A bounce occurs when a web site visitor leaves a page or a site without visiting any other pages before a specified session-timeout occurs. There is no industry-standard minimum or maximum time by which a visitor must leave in order for a bounce to occur. Rather, this is determined by the session timeout of the analytics tracking software.Bounces are one of the underappreciated, underunderstood, misunderstood Web metrics. Show me a person who says they understand bounce rate and I’ll show you a liar.
I understand them. They’re not very helpful in a vacuum though. If you slice the bounce rate by time spent on page and referrer, you can build a story about who (referrer vector) finds a particular page interesting (time spent vector) enough to check it out, interesting enough to check out more pages (bounce rate), or not interesting at all.

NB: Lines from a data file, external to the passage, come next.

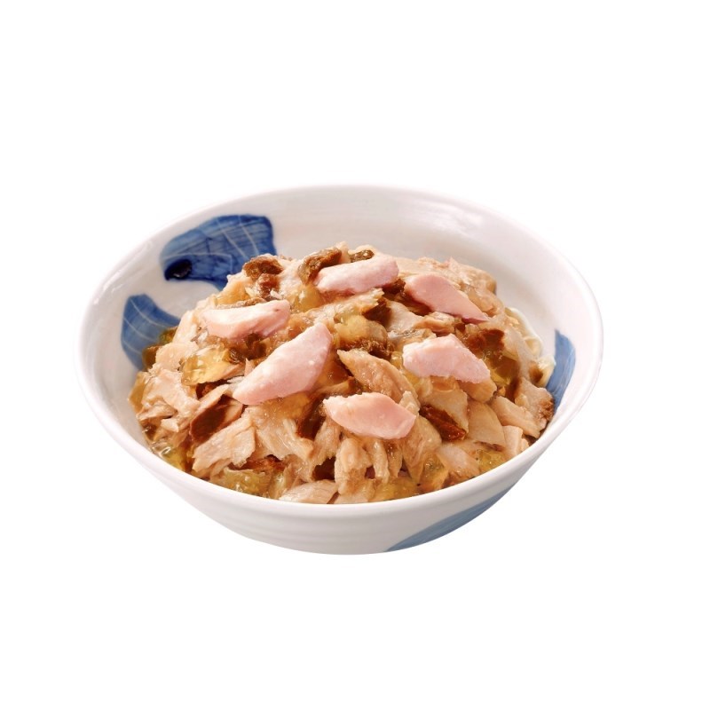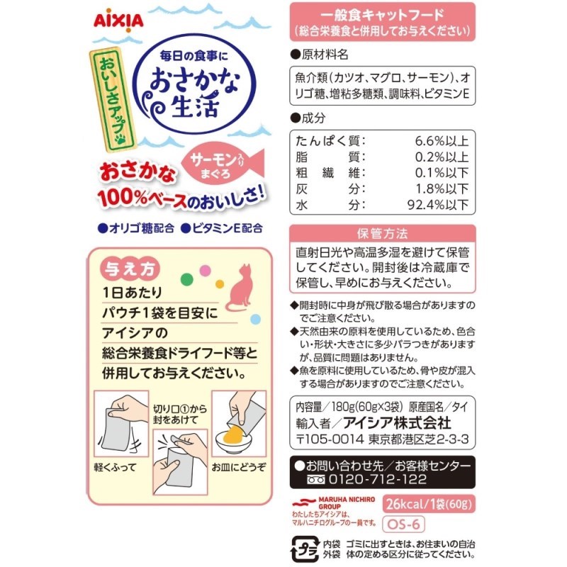 - 魚介類(カツオ、マグロ、サーモン)、オリゴ糖、増粘多糖類、調味料、ビタミンE
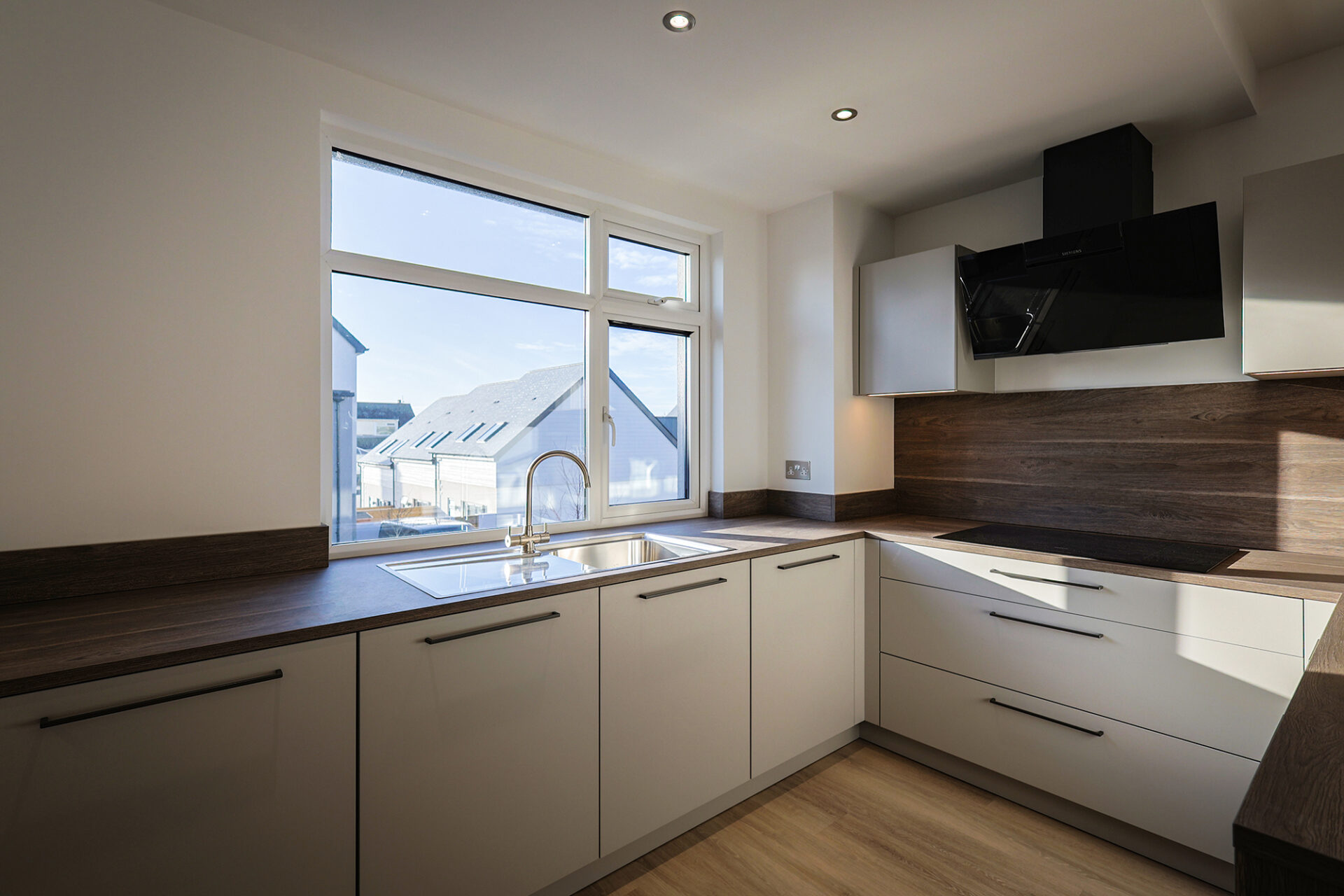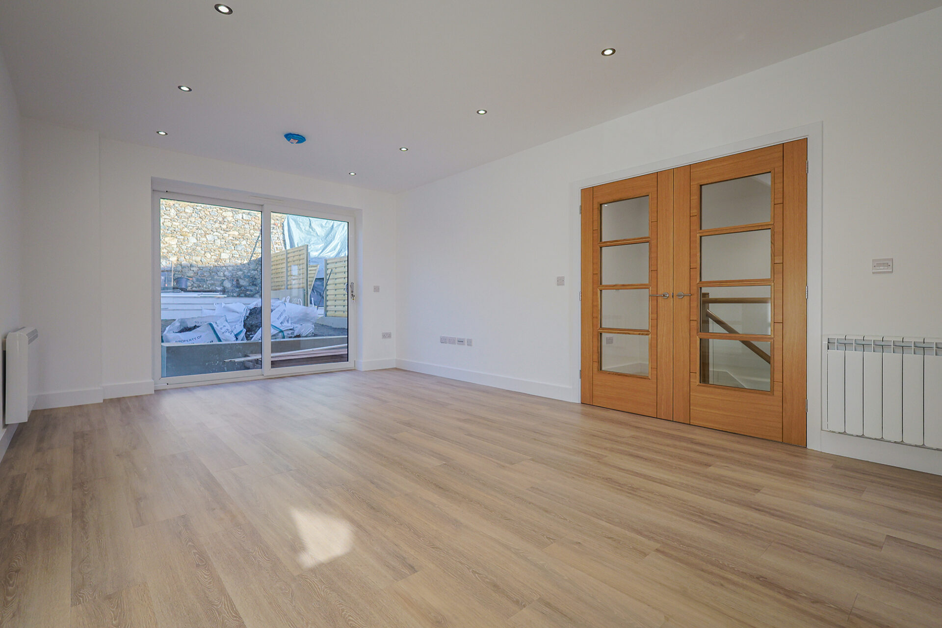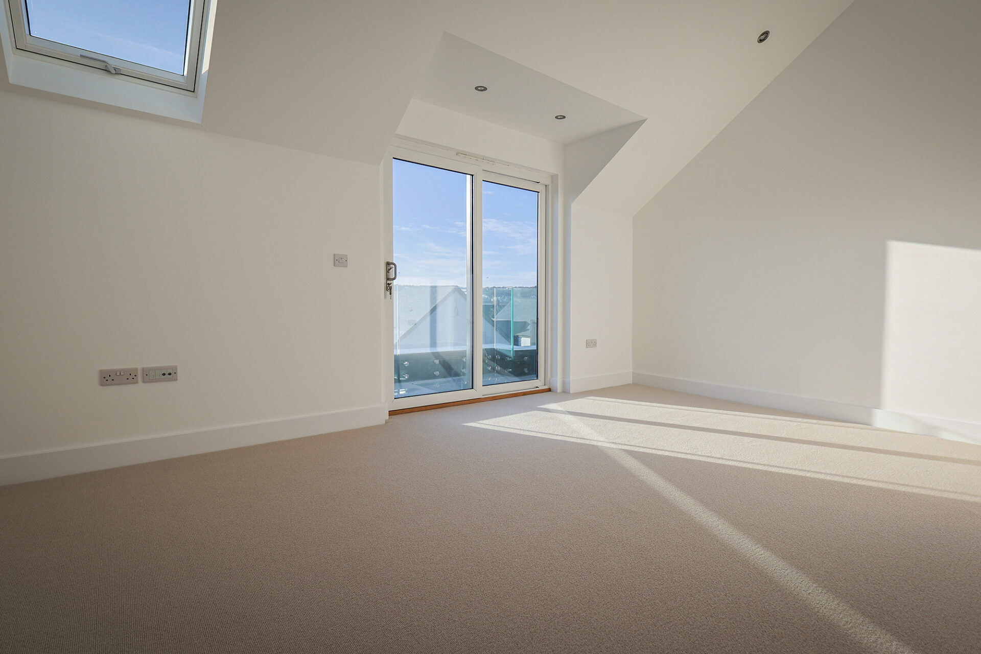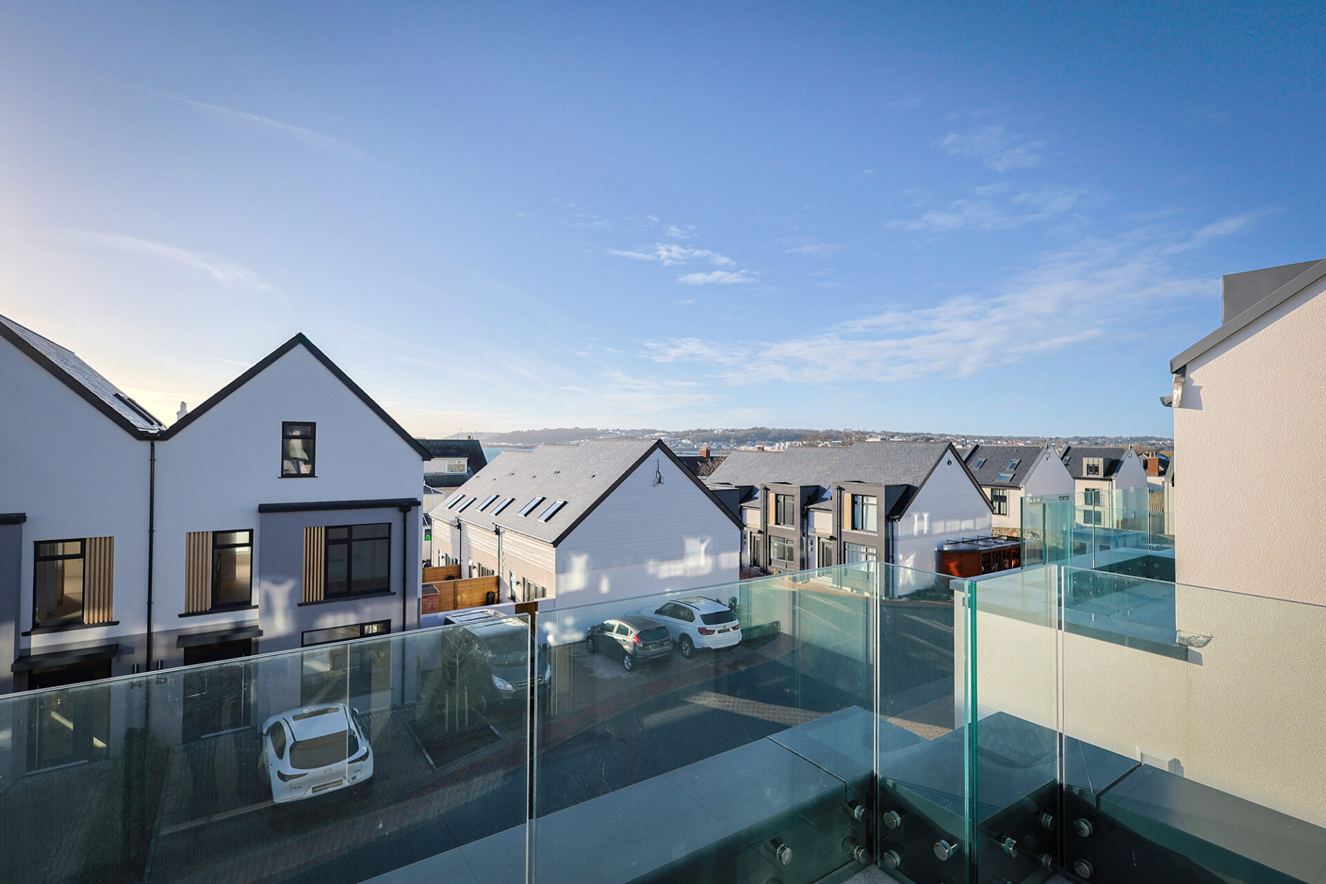 Recently built by a respected local developer, this stylish, contemporary semi-detached home comprises three generously sized bedrooms; main bedroom en-suite on the ground floor with two further bedrooms on the second floor, one of which benefits from a balcony with sea views.
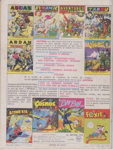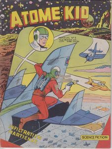 remarques: | premier fascicule d'Atome Kid de novembre 1956, la série comprend 35 fascicules de novembre 1956 à septembre 1959 ce fascicule comprend un récit complet d'Atome Kid, le personnage d'Atome Kid a été créé par Boya, un dessinateur espagnol peu connu qui sera aussi actif dans Cosmos lorsque ce magazine fusionnera avec Atome Kid au no 35 d'Atome Kid (septembre 1959) >> série collectionnée ici au complet Atome Kid est un genre de Superman, représenté en civil par le professeur Eddie Stuart = Atome Kid et par son épouse Pamela = miss Atome Kid, tous deux travaillent pour le bien du genre humain en collaboration avec le commissaire Malone qui, lui, ne sait pas qui est Atome Kid >>> des histoires pas trop recherchées avec un graphisme de petite qualité mais la série sera agrémentée du no 7 au no 34 de l'excellent feuilleton avec la famille Rollinson (voir information au fascicule no 7) Information Atome Kid est un personnage et un magazine mensuel français de bande dessinée en noir et blanc qui parut aux éditions Artima, comme souvent chez Artima, l'auteur de la série n'est pas indiqué: Bayo, dessinateur espagnol, placée dans un futur imprécis, cette série fait un mélange très kitch de personnages en costume des années 1950 et d'engins spatiaux voyageant de planètes en planètes dans tout le système solaire, les épisodes mettent en scène Atome Kid, une variante mineure de Batman qui, professeur Stuart dans la vie ordinaire, se change en héros en revêtant sa combinaison collante rouge, sa cagoule blanche et ses lunettes épaisses le rendent méconnaissable, condition indispensable à l’incognito nécessaire à ce type de héros, sa réputation, son propulseur dorsal, son pistolet paralysant et l'aide occasionnelle de son épouse Pamela, dotée du même équipement, sont ses seuls atouts pour confondre escrocs, imposteurs et autres malfrats à la demande du commissaire Malone, et parfois pour lutter contre quelques ambitieux voulant devenir maîtres du monde. la première publication paraît aux éditions Artima de novembre 1956 à septembre 1959, en 35 numéros sous forme de cahier de 32 pages agrafés, le dessin de la couverture en couleur est inspiré de l’épisode d’Atome Kid, cette série est diffusée dans les pays francophones au prix de 35 francs français de l’époque (40 francs français à partir du numéro 17 en mars 1958), 5 francs belges et 0,5 francs suisses, le numéro 20 est un numéro spécial à 75 francs, à partir du numéro 7, les fascicules Atome Kid réservent la moitié de leurs pages à la saga de la famille Rollinson dans l'espace, jusqu'à l'avant-dernier numéro, réduisant les épisodes d’Atome Kid à 16 pages, le 35ème et dernier numéro est partagé entre un épisode d’Atome Kid, et deux récits de science-fiction, après le 35e numéro, le titre Atome Kid disparaît, et les aventures d'Atome Kid sont reprises dans les fascicules Cosmos. seconde série l’éditeur Arédit qui avait racheté les éditions Artima fit reparaître dans les années 1970 une seconde publication titrée Atome Kid en petit format broché (18 par 13 cm) de 132 pages, en noir en blanc avec une couverture en couleur, trente numéros furent publiés de septembre 1970 à mars 1977, à un rythme trimestriel puis bimestriel en 1974-1975, puis de nouveau trimestriel, au prix de 1,50 francs français, ensuite 2,00 FF en 1974, 2,50 FF en 1976, pour finir à 3,00 FF en 1977. une traduction allemande des sept premiers numéros de la première série française fut publiée entre octobre 1960 et avril 1961, sous le titre Atom Kids, cette série est publiée en 1957 en espagnol sous le nom d'Atomo Kid aux éditions Toray (es) de Barcelone, en 16 numéros de 28 pages chacun |
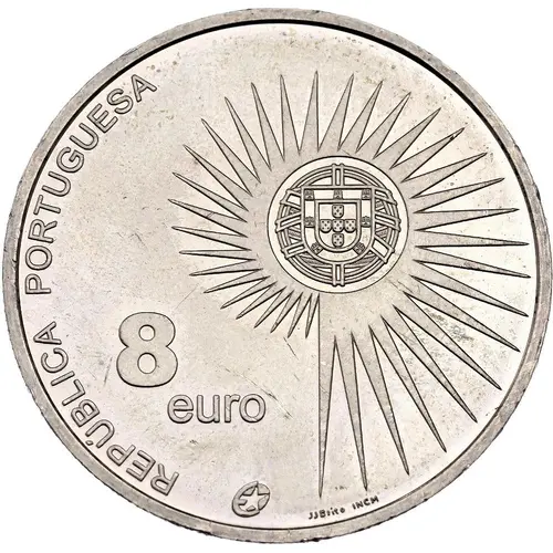 | Obverse lettering | REPÚBLICA PORTUGUESA 8 euro JJ Brito INCM |
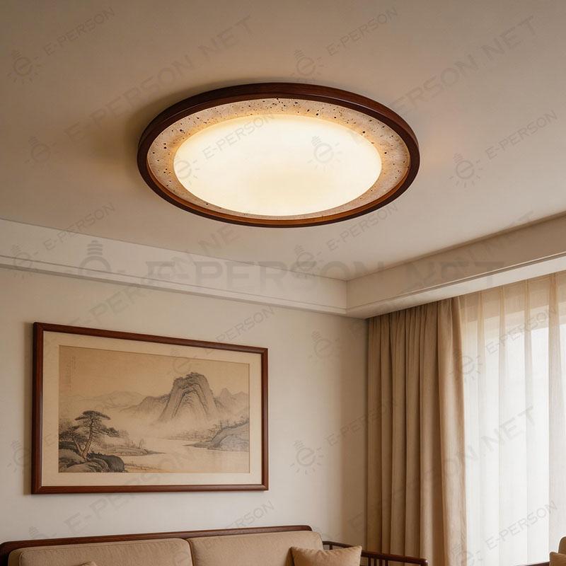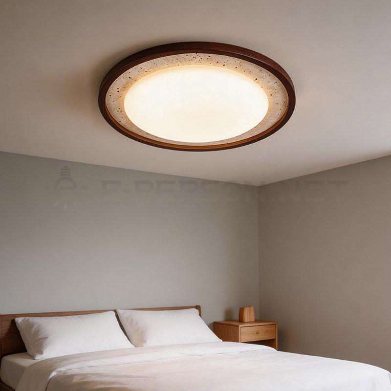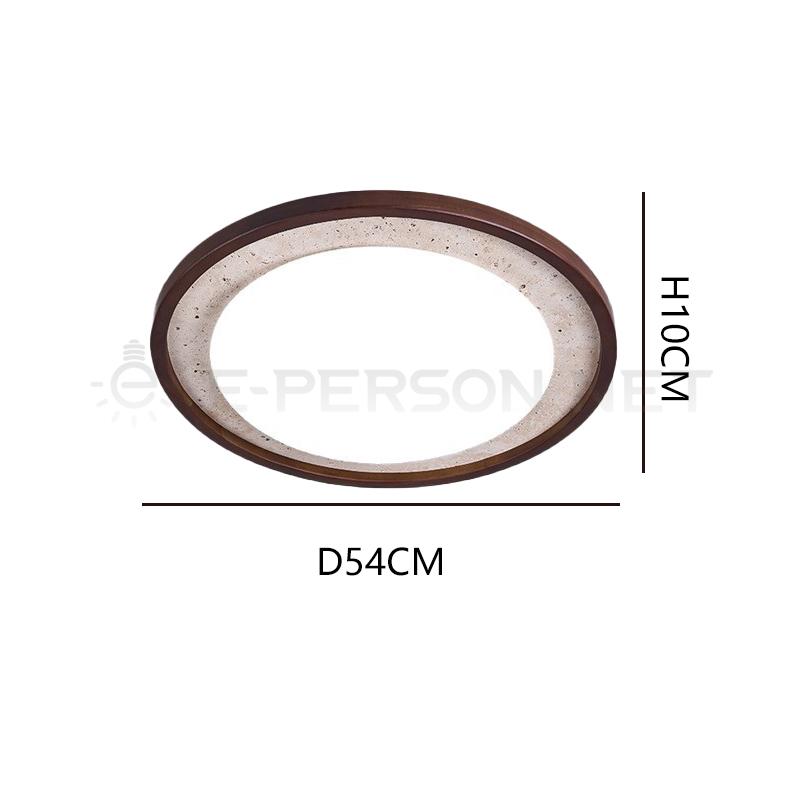 Combining a wooden outer ring with a stone-textured inner layer, this ceiling light blends warmth and modern simplicity. The integrated LED provides soft ambient lighting suitable for residential and hospitality applications.
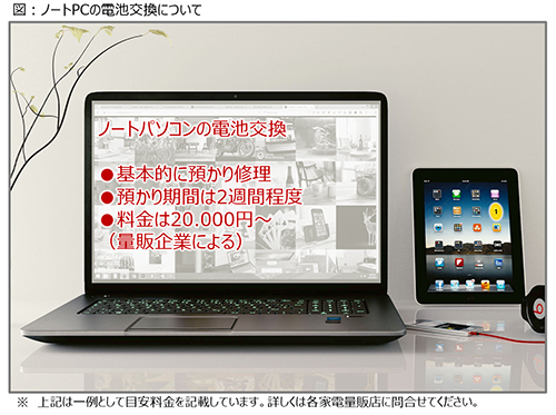 ここで気になるのが、バッテリーが消耗し、充電できなくなった場合だが、ノートPCのバッテリー交換は基本的に預かり修理になる。こちらも、最新の料金体系を確認するため、某家電量販店に問い合せてみたことろ、
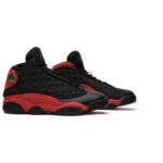 The Air Jordan 13 received a retro update in 2017 outfitted in its original color scheme. The Air Jordan 13 Retro ‘Bred’ 2017 features a black leather upper with matching 3M reflective ballistic mesh overlays on the sidewall. The sneaker also boasts a padded tongue for added comfort . True Red suede overlays . and the iconic green hologram on the ankle.
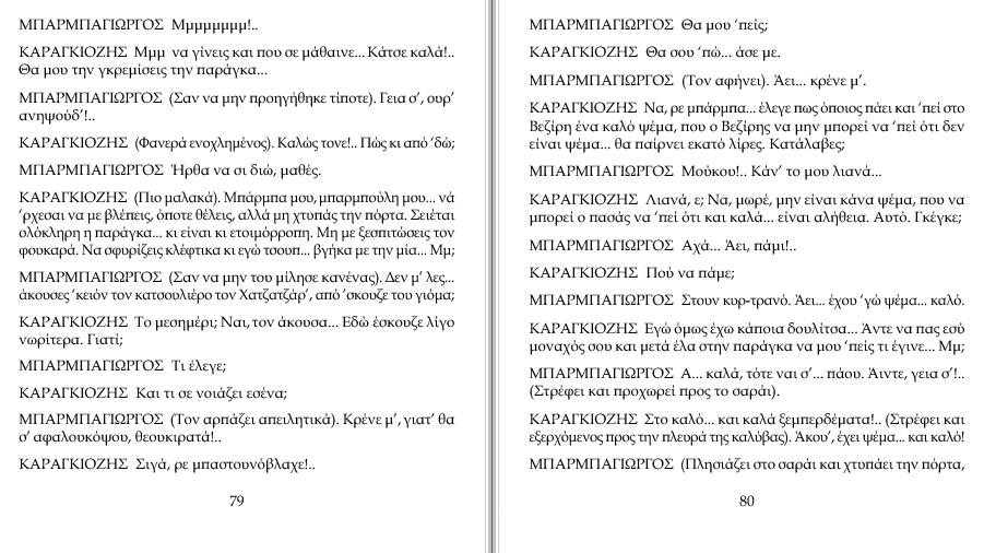 ΜΠΑΡΜΠΑΓΙΩΡΓΟΣ (Τον αρπάζει απειλητικά). Κρένε μ', γιατ' θα σ' αφαλουκόψου, θεουκιρατά!.. ΚΑΡΑΓΚΙΟΖΗΣ Σιγά, ρε μπαστουνόβλαχε!..
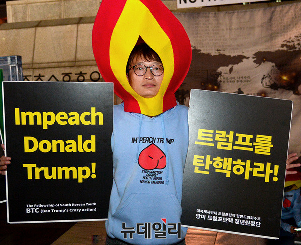 촛불집회 1주년 행사에 참석한 한 시민이 28일 오후 서울 광화문광장에서 '트럼프를 탄핵하라'고 적힌 피켓을 들고 있다.
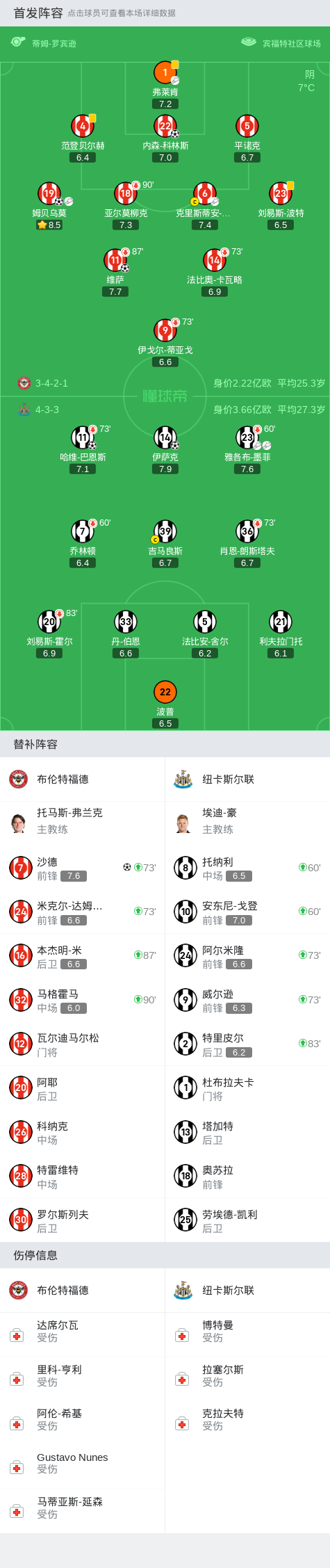 第55分钟,门将弗莱肯长传送助攻,科林斯破门,布伦特福德3-2纽卡
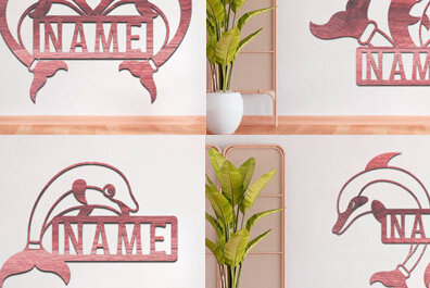 Intra απο ξύλο plywood 3mm-4mm πάχος – Πακέτο κοπής λέιζερ Sign Name Dolphin Δίασταση 30×20 cm INTRAFABR-74990805
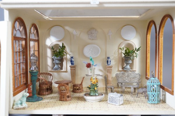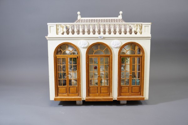 Diorama représentant un salon Napoléon III en miniature, meublé et divers éléments de décorations. 35x41cm. Accidents.

Like any complex entity, a single metric that has only a single unit (or is unitless) is a gross oversimplification of the entity. Like describing a Ferrari 430 Scuderia as a car with a top speed of 197 mi/h (which is even a compound unit). Exploring other metrics to build a store will yield the engine’s output specifications as: 360.4 kW (483 hp) at 8500 rpm and 465 N·m (343 lb·ft) of torque at 5250 rpm (source wikipedia, so it must be true)… a far more compelling story to someone who cares (I don’t).
Anyway… measuring is important. ”If it’s not measured it can’t be managed” was the mantra at AOL when I worked there, and I’ll repeat it over and over again to anyone who will listen.